Este temor o respeto reverencial a Dios debe conducir al discípulo a una viva confianza en el
Padre Providente. Para invitarnos a esta confianza Jesús recurre a la comparación con el cuidado de
Dios sobre “los gorriones” al igual que en Mt 6,26 refiere a las “aves del cielo”, dejando en claro
cuanto más cuidará el Padre Providente a los hombres2. Por eso pasa enseguida al ejemplo de los
cabellos de la cabeza que están contados. En Lc 12,7 se dice explícitamente: “Ustedes tienen contados
todos sus cabellos: no teman, porque valen más que muchos pájaros ”. En conclusión, es la confianza en el
Padre Providente que vela por sus hijos lo que permite vencer o superar el temor.
El verbo temer (φοβέομαι) aparece cuatro veces en este texto (tres en negativo: no teman en
10,26.28.31; y uno en positivo: teman en 10,28); lo cual indica que es un tema central del mismo.

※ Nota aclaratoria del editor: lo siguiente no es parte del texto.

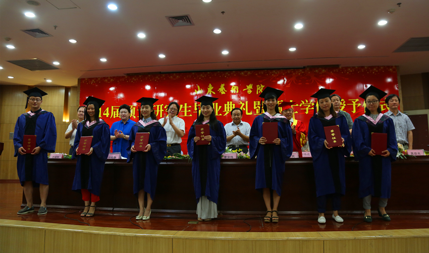 王力克副书记在典礼上宣读了《山东艺术学院关于准予2014届硕士研究生毕业的决定》和《山东艺术学院关于授予2014届硕士研究生硕士学位的决定》,刘大力副院长宣读了《山东艺术学院关于表彰“于希宁奖学金”获得者的决定》。校领导为“于希宁奖学金”获得者郗悦、张鹏、于潇、王丽南、朱娟娟、王玉玲、于志云七位同学颁发了表彰证书。
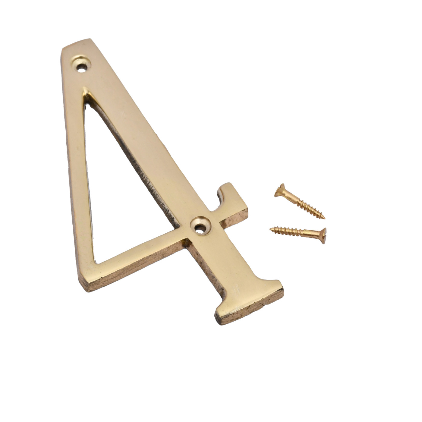 • Product Details: 1 Numeral [Digit 4], 2 Installation Screws, Size: 4 x 2 inches, Weight: 60 Gram, Material: Brass.

Es clara la contraposición entre el miedo a los hombres, a los que pueden matar el cuerpo; y el
temor o respeto a Dios, el único que tiene poder para destruir cuerpo y alma. Notemos que en griego
el mismo verbo “temer” (φοβέομαι) puede referirse tanto al miedo a los hombres como al temor
reverencial o respeto a Dios (cf. Lc 1,50; 18,2-4; He 10,2. 22. 35; 13,16. 26; Col 3,22; 1 Pt 2,17; Ap
11,18; 14,7; 19,5).
Esta parte del discurso se cierra con una referencia al juicio final ante Dios, donde Jesús
afirma la repercusión ante el juicio divino de nuestra actitud en esta vida: si lo confesamos o
reconocemos (ὁμολογέω) ante los hombres, él nos reconocerá ante el Padre; si lo negamos
(ἀρνέομαι) él nos negará ante el Padre.
En síntesis, "El texto deja claro que la idea del temor a Dios lleva emparejada teológicamente la soberanía
de Dios […] Visto desde el poder de Dios, el poder del hombre se limita al cuerpo visible y no alcanza toda la realidad
del hombre: su "alma". Pero la idea del poder de Dios cobra de inmediato su dimensión profunda: el Dios poderoso es
"vuestro Padre", que se preocupa hasta de los gorriones"3.
Algunas reflexiones:
Pero no es suficiente el temor de Dios; la atención a su juicio. Hay que dar el paso siguiente
hacia la confianza y el abandono en las manos providentes del Padre. La certeza del amor personal
del Padre sobre nosotros es lo que despierta la confianza. Y esta confianza es la que supera todo
temor. La confianza en el Dios de la vida nos libra del miedo radical, del miedo a la muerte. De este
miedo esclavizante nos ha librado Cristo al asumir nuestra condición mortal y al vencer a la muerte
con su Resurrección (cf. Heb 2,14.15). Igualmente, la promesa de la presencia permanente del
Señor con sus discípulos (cf. Mt 28,20) nos libera del miedo a quedar solos y abandonados.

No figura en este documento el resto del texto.